C.J.
wow. i'm not really excited about the other responses. for one it's not just a phase to ride out. it's a combination of her not having the language skills to communicate effectively with you, plus the resulting frustration from not getting what she needs, which ultimately is a LOT of love. at that age, kids need to constantly have activities that help them bond with their family. without that, she's learning not to trust anyone, and will only get worse as she gets older.
(and I don't at all think that you're jealous of your husband for staying home, i think you just want things to click, and know your children are developing in a positive environment.)
i would suggest taping some episodes of super nanny, esp. ones showing older kids throwing tantrums and having your husband watch them. when he sees how bad the behavior will become if he doesn't give more love and attention now, maybe that will be incentive enough. he should also realize how much it will affect his wallet too when they become teens and demand everything because their emotional needs weren't met as they were developing.
you CANNOT spoil a child with too much love! (of course, you can with too many things.) her vomiting means she is THAT physically anxious about what she needs and it should be seen as serious. depending on HOW alone she is left regularly, children like this can be suffering from attachment disorder, and this can turn into horrible activities such as pyromania, and hurting others by age 4 or 5 and cutting themselves when they are in their teens (my partner wants me to say even worse possibilities, but i don't think things are that bad in your situation). it's situations like this that Attachment Parenting came out of. you can look at http://www.attachmentparenting.org/ideals.shtml if you like.

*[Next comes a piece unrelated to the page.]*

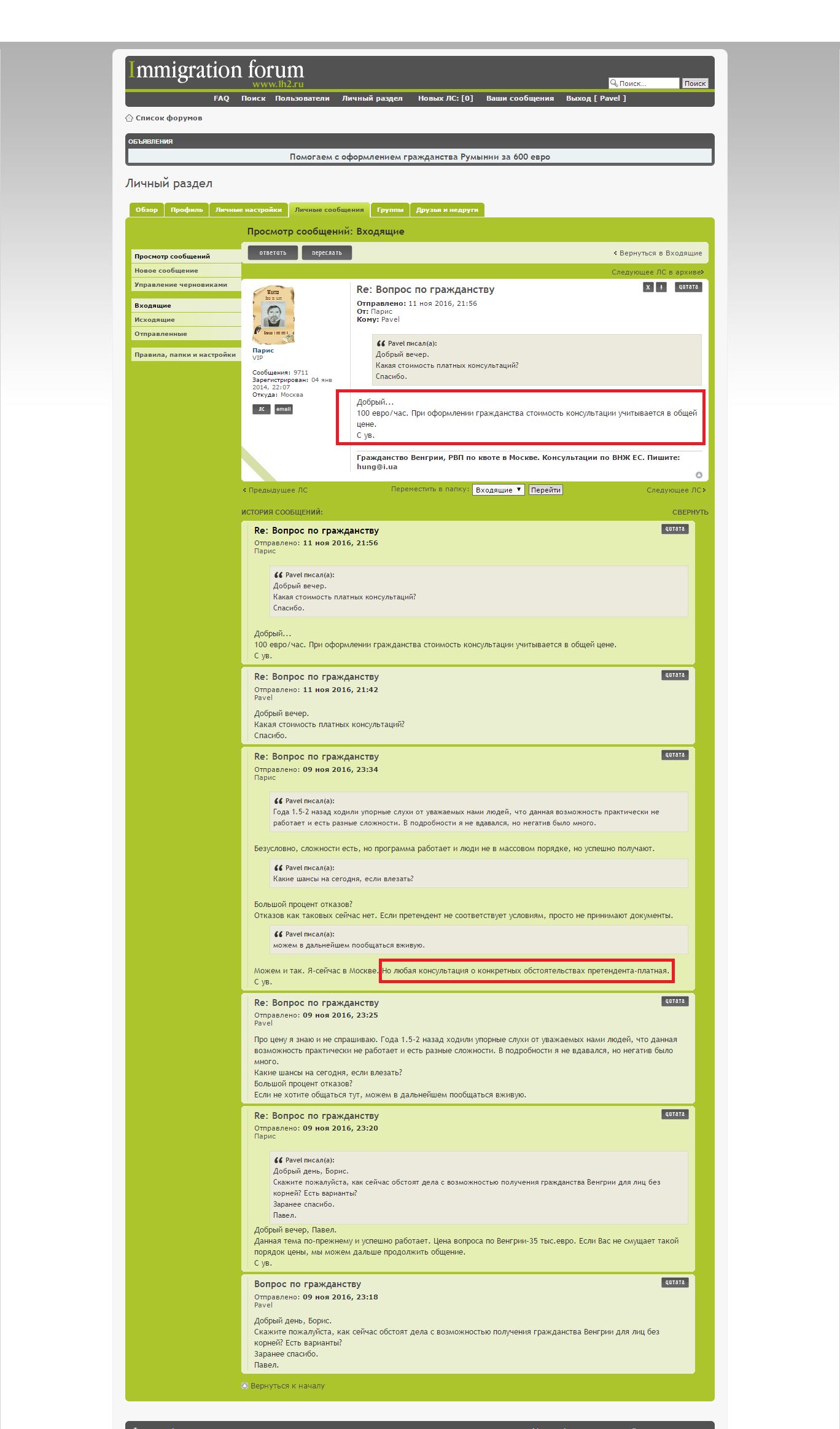 2."... мне Парис в личной переписке написал, что любая консультация платная..."

of course the 7 yr old can't be expected to play with her alone all day, but her dad should be coordinating activities where both can play together & he can give them each positive praise for playing well together. dad should be teaching the 7 yr old how to teach the 3 yr old. it will make the 7 yr old feel very accomplished when he gets praise from his dad and teach him responsibility, and will bolster his self-esteem tremendously. the 3 yr old will obviously benefit by having a brother as a role model instead of a sibling to be jealous of. and the dad will benefit because he will know he's doing a good job as a parent.

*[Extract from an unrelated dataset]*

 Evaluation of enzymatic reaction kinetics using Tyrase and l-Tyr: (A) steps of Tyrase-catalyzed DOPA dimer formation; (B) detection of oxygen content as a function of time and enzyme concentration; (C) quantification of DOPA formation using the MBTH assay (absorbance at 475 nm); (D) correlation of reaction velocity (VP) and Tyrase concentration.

if the dad still won't change his behavior while you're away, you should make arrangements with a (consistent) friend or nanny to give the children the emotional attachment they need while you're gone.
and don't leave the 7 yr old out of any new positive attachment techniques either, just because he's doing fine. he probably has a different personality/temperament & may be able to mask his emotions more easily. i wish you all the best. peace!